The Knowledge Integration Toolkit or KnIT – which previously predicted unknown protein-protein interactions – is now fully automated without need for human involvement in its function, said researchers from Baylor College of Medicine and IBM Watson Health.
A presentation on the new process will be presented this week at the Knowledge Discovery and Data Mining Conference in Sydney, Australia. The new work is an extension of a study presented last year at the conference that showed KnIT accurately predicted proteins that bind and chemically modify interactions of p53, an important tumor suppressor.
“We built a tool based on IBM’s cognitive technologies that can read the medical literature – over 24,000,000 published and public paper abstracts– and relate papers associated with word signatures in an effort to accelerate our understanding of the functional properties of proteins,” said Dr. Olivier Lichtarge, director of the Center of Computational and Integrative Biomedical Research at Baylor and the principle investigator on the study. “This latest study moves much beyond that and goes beyond just p53.”
Unlike the previous study, KnIT is now fully automated and demonstrably scalable, according to the researchers, who are now using the technology to target other proteins.
“Our findings validate that KnIT, which is based on IBM’s Watson technology, can make accurate predictions that will eventually help researchers focus lab resources on the most promising areas for discovery,” said Scott Spangler, Principal Data Scientist, IBM Research. “Because the underlying principles and techniques we employed are general, this approach could be applied to a variety of scientific and engineering problems to mine existing knowledge and identify the next frontiers of discovery.”
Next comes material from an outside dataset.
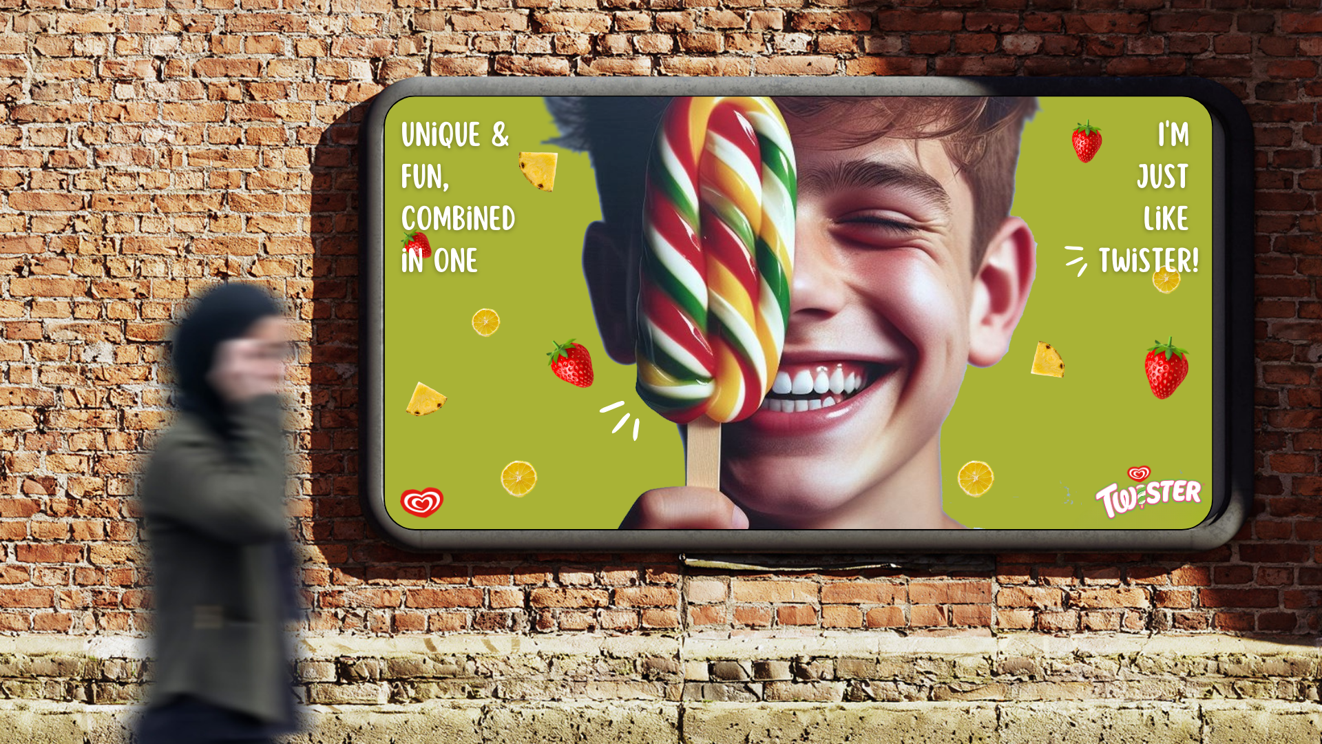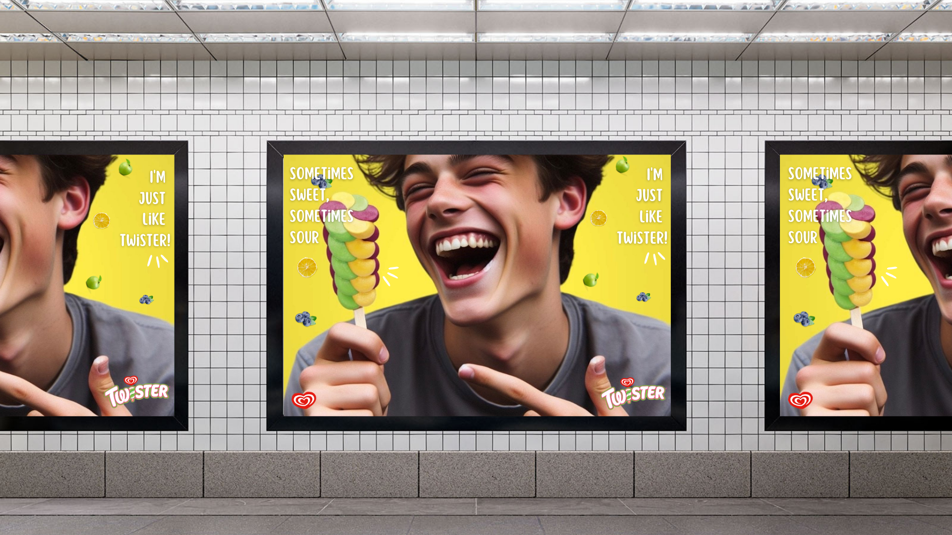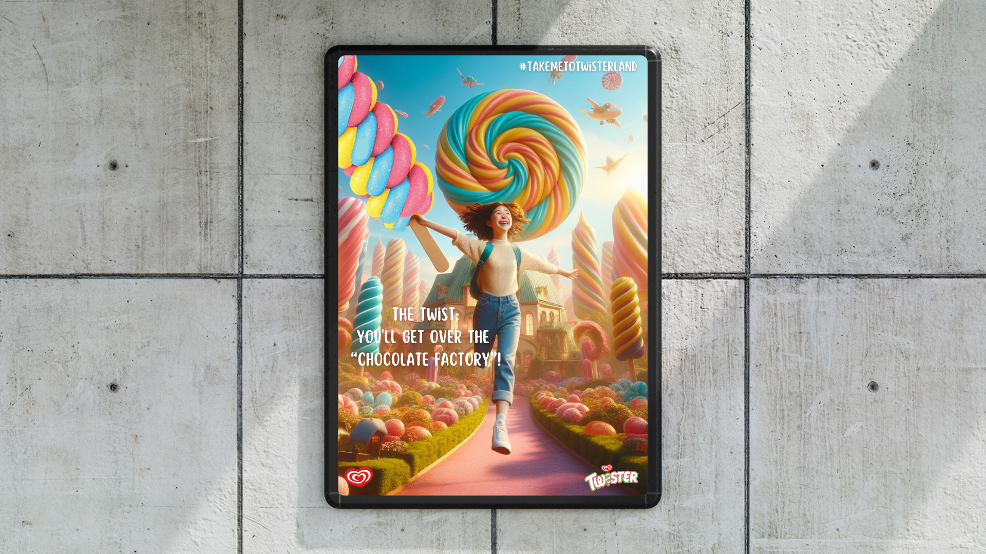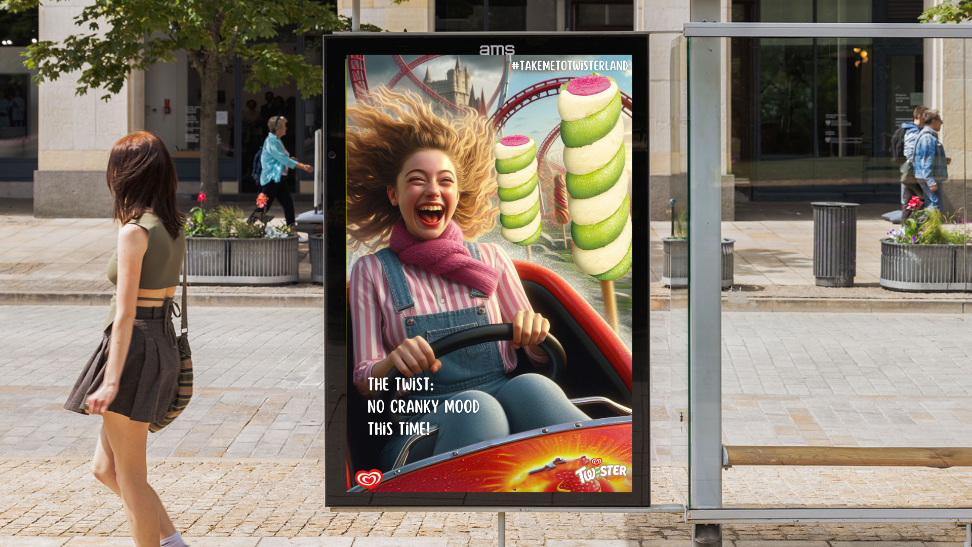 Take Me to Twisterland (Phase 2) - This would then be extended to a second phase which would promote Twisterland, a fantasy-like real world with thrilling rides, giant Twister ice-lollies, games, etc. where you can await fun, surprises, adventures, and enjoyable experiences. We've used humour to convey that Twisterland is so good that it'll bring a twist into your everyday life, something unexpected for a 16-18-year-old.

The tool works by extracting information from the scientific literature, automatically identifying direct and indirect references to protein interactions, which is knowledge that can be represented in network form, the team presented.
It then reasons over this network to predict new, previously unknown interactions, they said.
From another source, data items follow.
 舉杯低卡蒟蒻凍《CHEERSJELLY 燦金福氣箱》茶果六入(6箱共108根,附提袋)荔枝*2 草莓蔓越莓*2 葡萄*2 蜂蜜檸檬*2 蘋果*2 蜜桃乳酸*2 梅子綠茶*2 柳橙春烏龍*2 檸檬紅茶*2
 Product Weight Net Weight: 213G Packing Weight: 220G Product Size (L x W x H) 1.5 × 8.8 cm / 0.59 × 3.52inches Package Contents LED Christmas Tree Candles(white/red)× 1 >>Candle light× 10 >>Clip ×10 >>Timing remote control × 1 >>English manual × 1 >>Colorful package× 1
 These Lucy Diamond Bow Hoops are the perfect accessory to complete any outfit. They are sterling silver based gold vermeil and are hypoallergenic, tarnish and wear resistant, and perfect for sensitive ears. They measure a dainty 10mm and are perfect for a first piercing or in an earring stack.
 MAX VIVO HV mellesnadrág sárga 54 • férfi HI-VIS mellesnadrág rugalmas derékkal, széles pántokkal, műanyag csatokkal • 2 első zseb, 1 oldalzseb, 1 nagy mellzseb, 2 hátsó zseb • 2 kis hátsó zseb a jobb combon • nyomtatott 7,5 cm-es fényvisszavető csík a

The accuracy and scope of KnIT's knowledge extractions are validated using comparisons to structured data sources assembled by humans as well as by performing retrospective studies that predict subsequent literature discoveries using literature available prior to a given date.
The KnIT methodology is a step towards automated hypothesis generation from text, with potential application to other scientific domains.
Co-authors on the report include Angela D. Wilkins, Benjamin J. Bachman, Ilya B. Novikov, María E. Terrón-Díaz, Anbu K. Adikesavan, Sam Regenbogen, Christie M. Buchovecky, Andreas M. Lisewski, Houyin Zhang and Lawrence Donehower, all of Baylor; Meena Nagarajan, Shenghua Bao, Peter J. Haas, Sumit Bhatia, Jacques J. Labrie, Linda Kato, Ana Lelescu, Stephen Boyer, Griff Weber, Ying Chen and Scott Spangler, all of IBM and Curtis R. Pickering of The University of Texas MD Anderson Cancer Center.
Funding for this work was provided by the McNair Medical Institute of The Robert and Janice McNair Foundation, Defense Advanced Research Projects Agency DARPA (N66001-14-1-4027), National Science Foundation (NSF DBI-1356569, NSF DBI-0851393), National Institutes of Health (NIH-GM079656, NIH-GM066099), and was supported in part by the IBM Accelerated Discovery Lab.